1.To deposit securities of a US resident or US taxpayer are reminded to provide a Transfer Control Number and Holder Account Number that we can reference when providing the cost basis information for the securities being deposited within 15 days of the transfer; OR

 

2.To withdraw securities are reminded to provide the cost basis information if the new securityholder is a US resident or US taxpayer so that we can maintain this information on our records and pass it on as required.

 

If transfer is no change in beneficial ownership, please certify as such, and cost basis will be handled accordingly.

 

 

 

 

EXHIBIT E

 

Tax Matters

 

Backup Withholding Tax

 

Under U.S. federal income tax law, an Exchanging Investor who exchanges Existing Notes generally must provide such Exchanging Investor’s correct taxpayer identification number (“TIN”) on IRS Form W-9 (attached hereto) or otherwise establish a basis for exemption from backup withholding. A TIN is generally an individual holder’s social security number or an Exchanging Investor’s employer identification number. If the correct TIN is not provided, the Exchanging Investor may be subject to a US$50 penalty imposed by the IRS. In addition, certain payments made to holders may be subject to U.S. backup withholding tax (currently set at 24% of the payment). If an Exchanging Investor is required to provide a TIN but does not have the TIN, the Exchanging Investor should consult its tax advisor regarding how to obtain a TIN. Certain holders are not subject to these backup withholding and reporting requirements. Non-U.S. Holders generally may establish their status as exempt recipients from backup withholding by submitting a properly completed applicable IRS Form W-8 (available from the Company or the IRS at www.irs.gov), signed, under penalties of perjury, attesting to such Exchanging Investor’s exempt foreign status. U.S. backup withholding is not an additional tax. Rather, the U.S. federal income tax liability of persons subject to backup withholding will be reduced by the amount of tax withheld.

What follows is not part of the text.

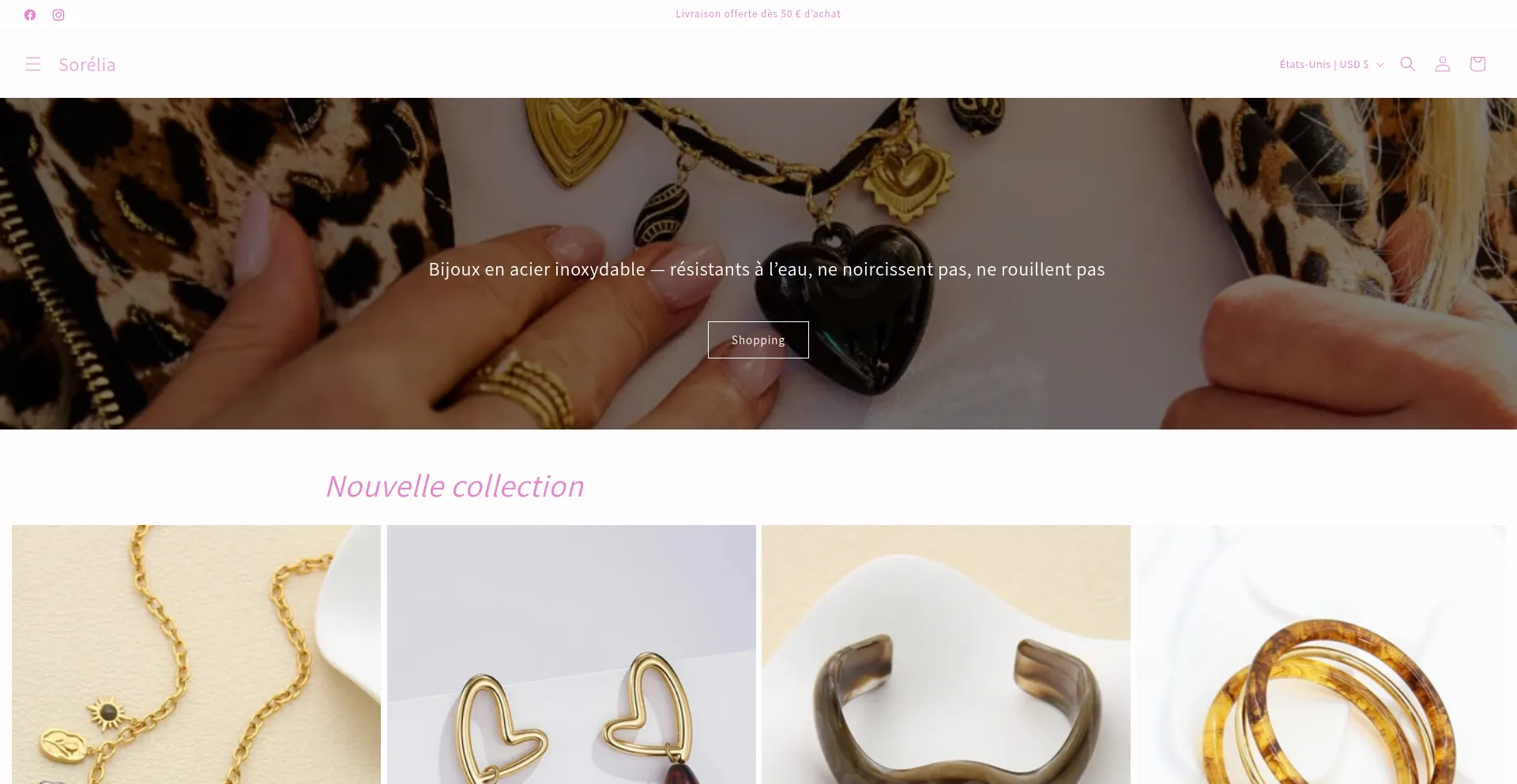 Sorélia store Bijoux en acier inoxydable Bagues Bracelets Colliers Broches Bracelets de cheville Boucles d’oreilles

If withholding results in an overpayment of taxes, a refund may be obtained provided that the required information is timely furnished to the IRS. The Exchanging Investors are urged to consult their tax advisors regarding how to complete the appropriate forms and to determine whether they are exempt from backup withholding or other withholding taxes.

 

Portfolio Interest Exemption (for Exchanging Investors That Are Not U.S. Persons for U.S. Federal Income Tax Purposes)

 

Under U.S. federal income tax law, an Exchanging Investor that exchanges Existing Notes and is otherwise not eligible to provide an IRS Form W-9 must claim an exemption from U.S. withholding tax on payments or deliveries attributable to accrued and unpaid interest. Any Exchanging Investor that claims such an exemption under the so-called “portfolio interest exemption” is hereby deemed to represent and certify (along with the providing the applicable IRS Form W-8BEN or W-8BEN-E). However, if the Exchanging Investor is an intermediary, a foreign partnership or other flow-through entity, then the following adjustments will be made:

 

A.The following representation will be provided as applied to the Exchanging Investor:

 

·record ownership under Clause I.

 

B.The following representations will be provided as applied to the partners, members or beneficial owners claiming the portfolio interest exemption:

 

·beneficial ownership under Clause I,

 

·the status in Clause III, and

 

E-1

 

 

·the status in Clause IV.

 

C.The following representation will be provided as applied to the Exchanging Investor as well as the partners, members:

 

I.It is the sole record and beneficial owner of the Existing Notes in respect of which it is providing this certification.

 

II.It is not a “bank” (within the meaning of Section 881(c)(3)(A) of the Code).

 

III.It is not a “10-percent shareholder” of the Company (within the meaning of Section 881(c)(3)(B) or Section 871(h)(3)(B) of the Code).

 

IV.It is not a “controlled foreign corporation” (as such term is defined in Section 881(c)(3)(C) of the Code) related to the Company (within the meaning of Section 864(d)(4) of the Code).